### Assignment:
From the line that contains "Площадь от 20.4 м2" down to the final line of the listing below, set down every line exactly, both ends included, and drop the pictures.

━━━━━━━━━━━━━━━━━━━━

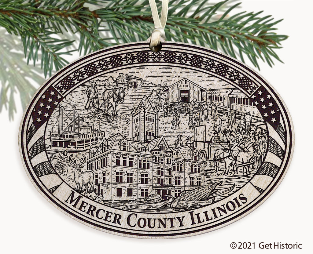 Mercer County Illinois Whitewash Wood Engraved Ornament
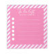Keep track of all your important tasks with this stylish personalised notepad. The design features pink and white diagonal striped pattern as background plus blank space with six check circles and lines. The text is fully customisable.
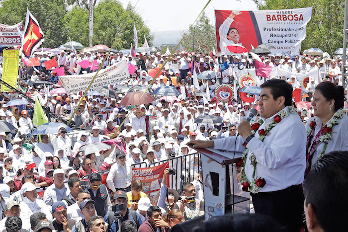 Ciudad de México, 2 de junio (SinEmbargo).– El estado de Puebla dejó de ser blanquiazul después de ocho años de una alternancia panista en el Gobierno. Miguel Barbosa Huerta, candidato del partido Movimiento de Regeneración Nacional (Morena), se perfila como el triunfador de las elecciones extraordinarias, con un rango de entre 42.6 y 45.4 por ciento de las preferencias, de acuerdo con el conteo rápido del Instituto Nacional Electoral (INE).
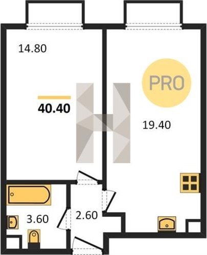 Площадь от 20.4 м2
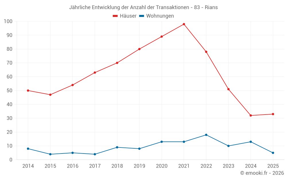 Der Durchschnittspreis auf den 23 Wohnungstransaktionen der letzten 24 Monate in der Gemeinde Rians betrug 1 784 € pro Quadratmeter für einen mittleren Immobilienwert von 115 000 €. Über diesen Zeitraum hinweg lagen 60% der Transaktionen zwischen 1 219 und 2 452 € pro Quadratmeter (vom 2. bis zum 8. Dezil).
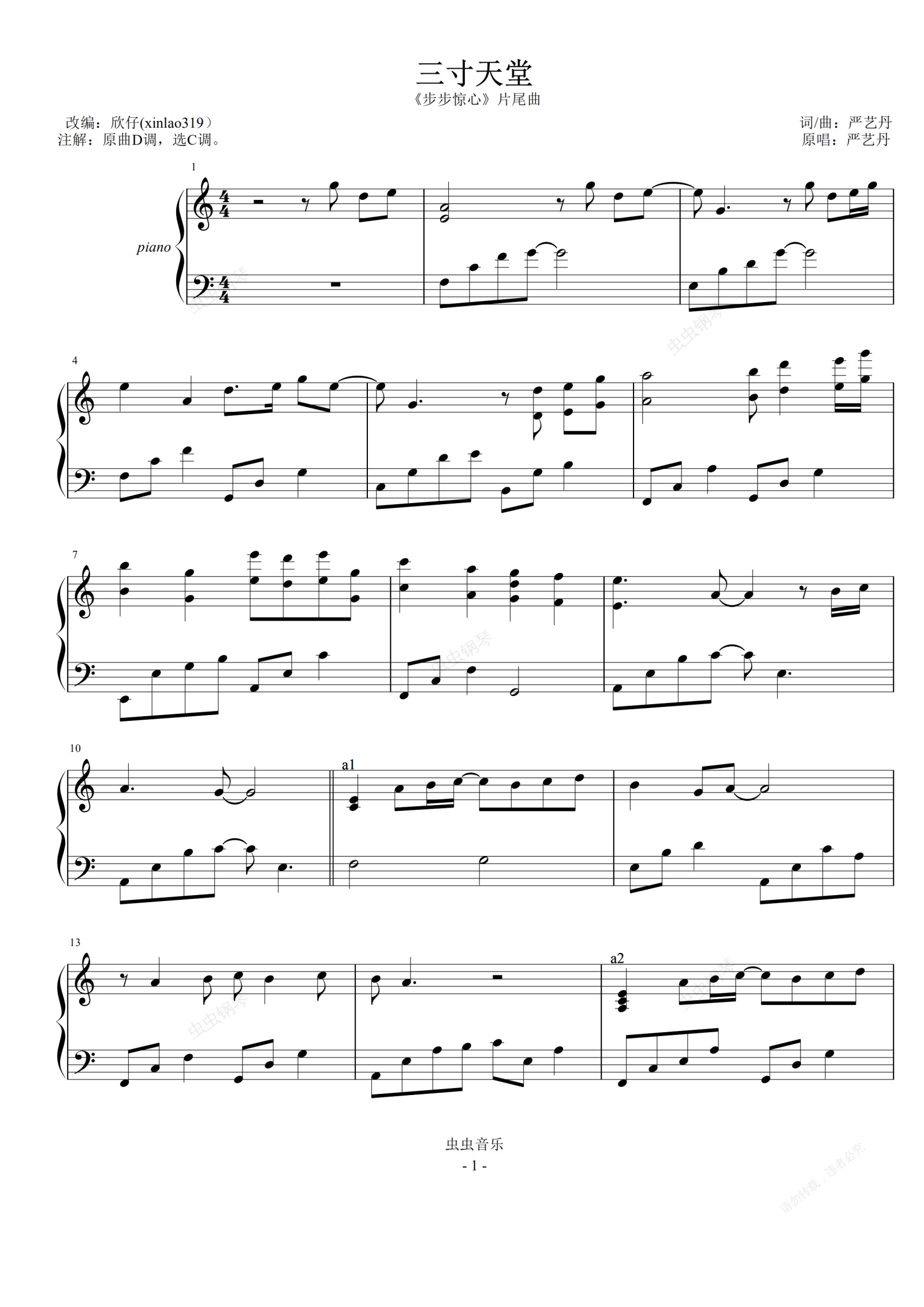 钢琴谱:三寸天堂(C调2020优化简化版)

━━━━━━━━━━━━━━━━━━━━

### Solution to this problem:
 Площадь от 20.4 м2
 Der Durchschnittspreis auf den 23 Wohnungstransaktionen der letzten 24 Monate in der Gemeinde Rians betrug 1 784 € pro Quadratmeter für einen mittleren Immobilienwert von 115 000 €. Über diesen Zeitraum hinweg lagen 60% der Transaktionen zwischen 1 219 und 2 452 € pro Quadratmeter (vom 2. bis zum 8. Dezil).
 钢琴谱:三寸天堂(C调2020优化简化版)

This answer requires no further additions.